I am using version 2.6.1. What I am trying to accomplish is store financial ticks history and was thinking of using separate buckets with aggregations. Is it possible to query a bucket with aggregated data (e.g.1 hour range) and also append the latest live data, does influxDb support this? (real-time buckets)

P.S. I ran the query and the execution time is 5-6 seconds.

Oh, ok. If you’re going to write the aggregated data back to InfluxDB, you don’t need to pivot it. That should save you some compute time.

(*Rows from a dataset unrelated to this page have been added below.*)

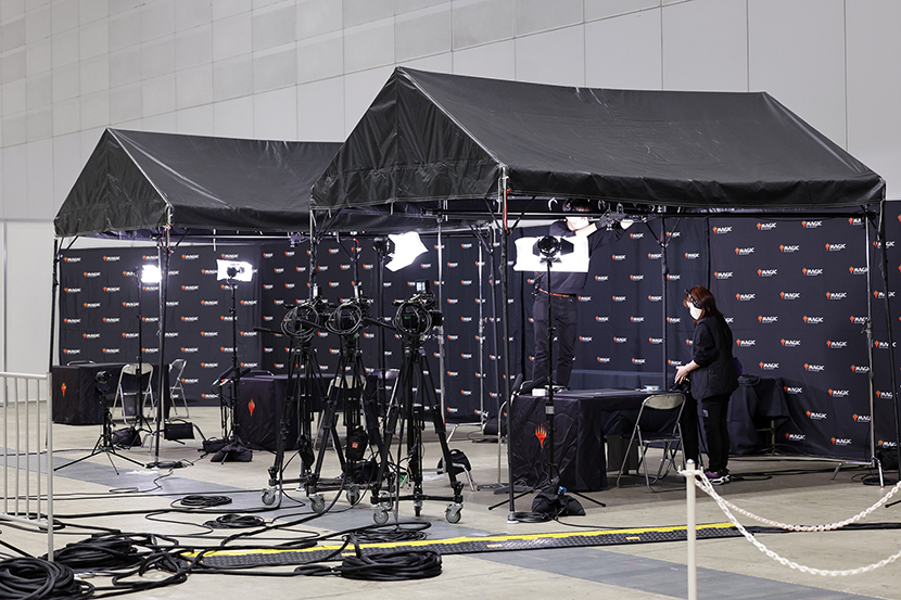 4回戦から、フィーチャーマッチの生中継が始まります。現在はまだフィーチャーエリアの設営中です。
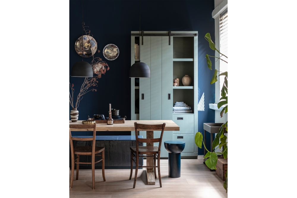 Aan twee zijdes heeft de Barn mooie dikke legplanken en daaronder twee royale lades. In totaal 4 lades. En je kunt zelf bepalen aan welke kant je de schuifdeur plaatst. De schuifdeur in metalen rail (kan van rechts naar links geschoven worden) geeft de kast een eigen identiteit. Barn is eigenlijk 230 cm hoog, maar omdat het beslag iets naar boven steekt komt hij op een hoogte van 232 cm. De kast wordt in 4 pakketen geleverd, als eenvoudig bouwpakket met een duidelijke montage-instructie.
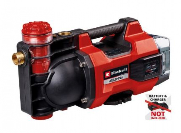 Mit der Einhell Akku-Gartenpumpe AQUINNA 18/30 F LED kann man unabhängig vom Stromnetz Regen-, Brunnen- oder Zisternenwasser im heimischen Garten und Grün benutzen, das spart Geld und schont die Umwelt. Denn die AQUINNA Gartenpumpe wird einem 18 Volt Power X-Change Akku betrieben, kann aber dank der beiden integrierten Akku-Steckplätze auch mit zwei Akkus für eine längere Laufzeit ausgestattet werden. Mit dieser Double Runtime Technology wird die Energieversorgung selbstständig auf den zweiten, vollen Akku umgestellt, sobald der erste Akku leer ist. Die Gartenpumpe wählt immer automatisch den Steckplatz aus, in dem ein geladener Akku steckt. Die AQUINNA 18/30 F LED eignet sich zum Bewässern und Gießen von Grünanlagen, Gemüsebeeten oder Gärten, zum Betrieb von Rasensprengern, mit Vorfilter zur Wasserentnahme aus Teichen, Bächen, Regentonnen, Regenwasser-Zisternen und Brunnen, oder zur Brauchwasserversorgung. Dabei kann zwischen zwei Leistungsstufen gewählt werden. Volle Power mit maximalem Förderdruck gibt es im BOOST-Modus, im ECO-Modus wird für die maximale Akku-Laufzeit mit weniger Druck gepumpt. Mit einer Förderhöhe von bis zu 28 Metern, einer Ansaughöhe von bis zu 6 Metern und einer Fördermenge von maximal 3.000 Liter pro Stunde überzeugt die AQUINNA Akku-Gartenpumpe auch mit Leistung. Das transparente Gehäuse rund um den Vorfilter der Akku-Gartenpumpe AQUINNA 18/30 F LED erfüllt gleich zwei Funktionen: Es dient als Wasserfüllanzeige und zeitgleich als Schmutzanzeige. Durch das transparente Vorfiltergehäuse ist auf einen Blick erkennbar, ob und wie weit die Pumpe bereits mit Wasser befüllt wurde. Außerdem ist leicht festzustellen, ob der Filter verschmutzt ist und gegebenenfalls gereinigt werden sollte. Die Pumpe ist mit einer Wassereinfüllschraube und zum Schutz vor Frost mit einer Wasserablassschraube ausgestattet. So kann sie im Winter sicher aufbewahrt werden. Der Thermoschutz schützt den Motor vor Überlastung. Mit ihrem praktischen Tragegriffs ist die Akku-Gartenpumpe schnell an jeden beliebigen Einsatzort gebracht. Zur dauerhaften Fixierung an einem bestimmten Einsatzort, ist die Gartenpumpe mit Befestigungslöchern ausgestattet. Die Lieferung erfolgt ohne Akku und ohne Ladegerät. Zum Betrieb der Akku-Gartenpumpe AQUINNA 18/30 F LED ist ein separat erhältlicher 18 Volt-Akku aus der Power X-Change-Reihe erforderlich, wie sie auch in den Einhell Werkzeugen und Gartengeräten benutzt werden.
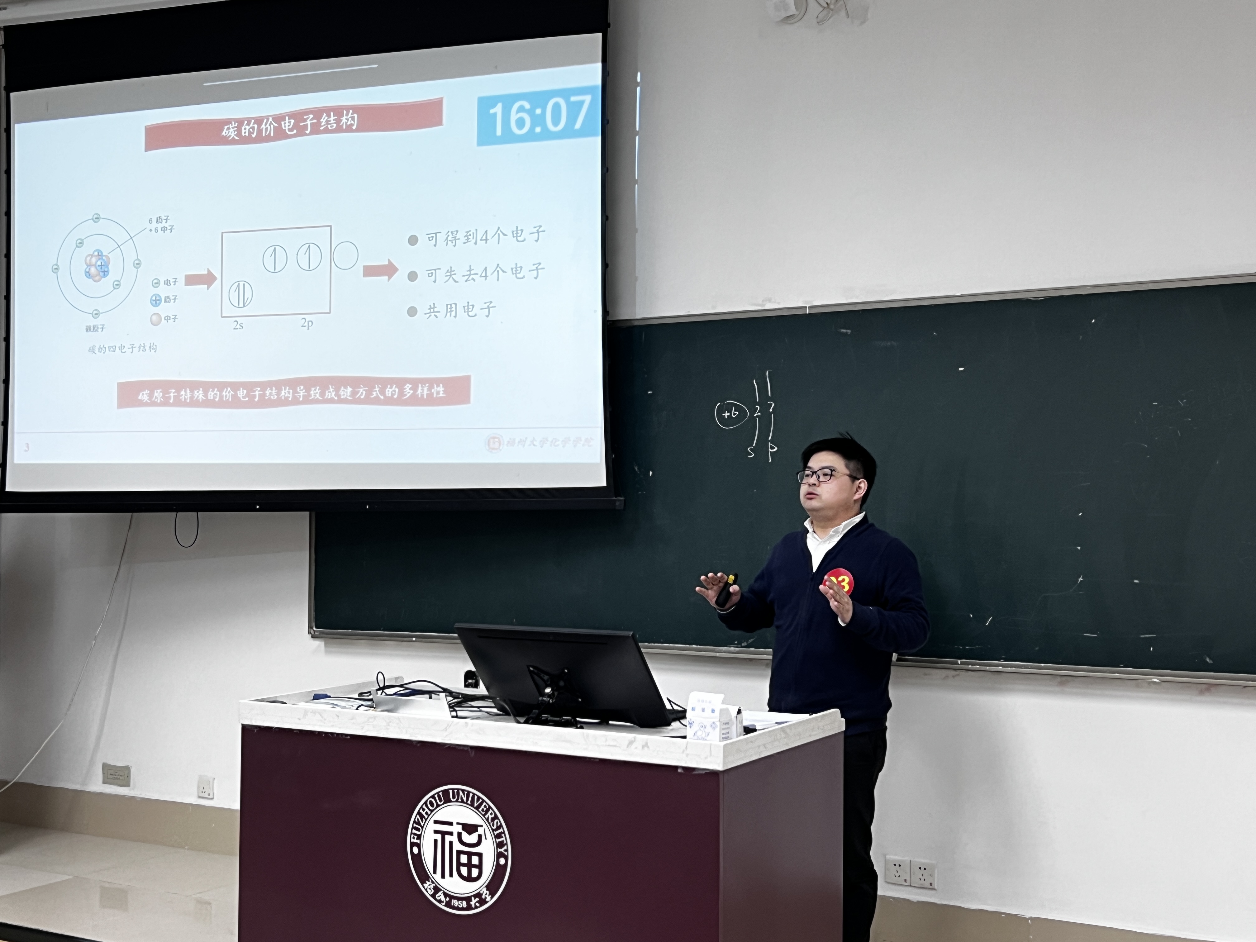 青年教师的教学风采。竞赛评委根据参赛教师的授课教案、教学组织、教学内容、语言与教态、板书和教学手段等各方面的表现情况,进行实名制打分。经过激烈角逐,无机系的阳灿老师、物化系的孙财老师脱颖而出,分别获得一等奖和二等奖的好成绩。
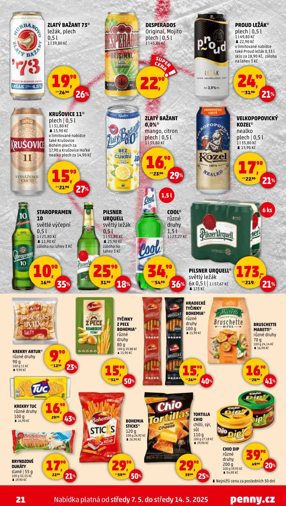 V letáku obchodu Penny Market najdete širokou nabídku nápojů a snacků. Mezi oblíbené pivo patří Zlatý Bažant ležák v plechu za 15,90 Kč a Krušovice plech za 17,90 Kč. Pro milovníky nealkoholických nápojů je k dispozici Krušovice hořké nealko plech za 14,90 Kč.
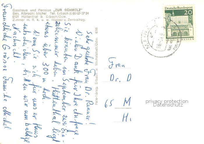 73642144 alte Postkarte Huettenthal Mossautal Gasthaus Pension Zur Schmelz Gastraeume postalisch gelaufen Erhaltung siehe scans [WerneD78] KatCode: 11110006437012
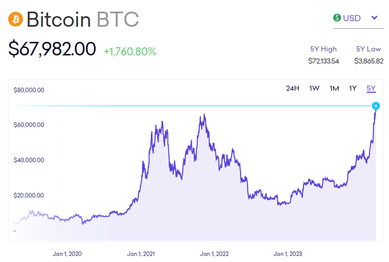 Current prize per bitcoin: $67,982.00
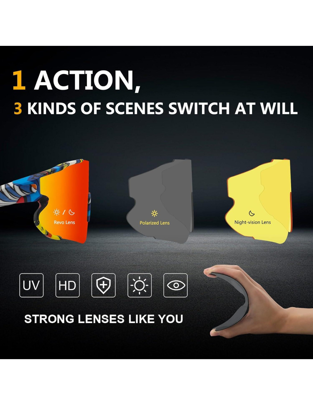 - 3 LENTES INTERCAMBIABLES - Gafas de béisbol OULAIQI con 3 lentes intercambiables. Recubrimiento de protección UV400, bloquea los dañinos rayos UVA y UVB, protege los ojos perfectamente. El primer lente gris es polarizado contra la fuerte luz solar, el segundo es amarillo y adecuado para actividades nocturnas, el tercero es ideal para conducir y otras actividades.
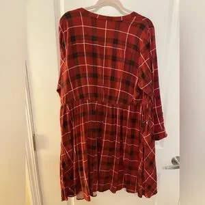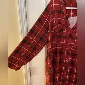 Size to Torrid red/black/white plaid dress with functional buttons. Fabric is smooth with some stretch. Long sleeves with built-in or button tabs to hold them up if you wish to roll them. Super cute for Christmas. Slight small area of discoloration on front chest area, not really noticeable while wearing but please check pictures.
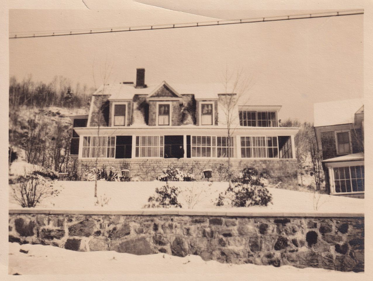 Black-and-White photograph of an unidentified cure cottage. A person is sitting in one of the open windows, and a stone wall can be seen at the edge of the yard. The photograph was likely printed by Kollecker's Kodak and Gift Shop.Collection
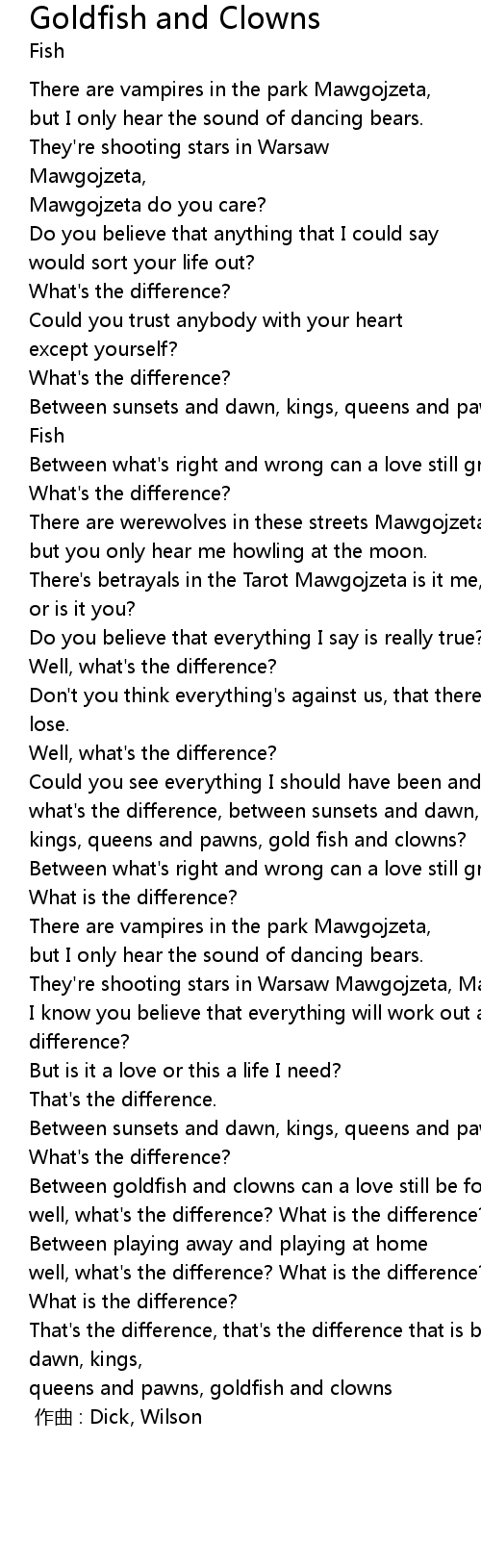 | Between sunsets and dawn, kings, queens and pawns, goldfish and clowns. | |

Yes, totally possible. There’s a thread about this here: Flux query over multiple downsampled buckets with different retention policies

Thanks, I went through the thread. I have a case, when the selected time range is in the past, it should query only the aggregated bucket, and when the range is until now, it should query both buckets - the aggregated and the “live date” bucket. But I don’t know how to implement the conditions:

if rangeStop > latestAggrData.time then union with livedata(start: latestAggrData.time, stop: now())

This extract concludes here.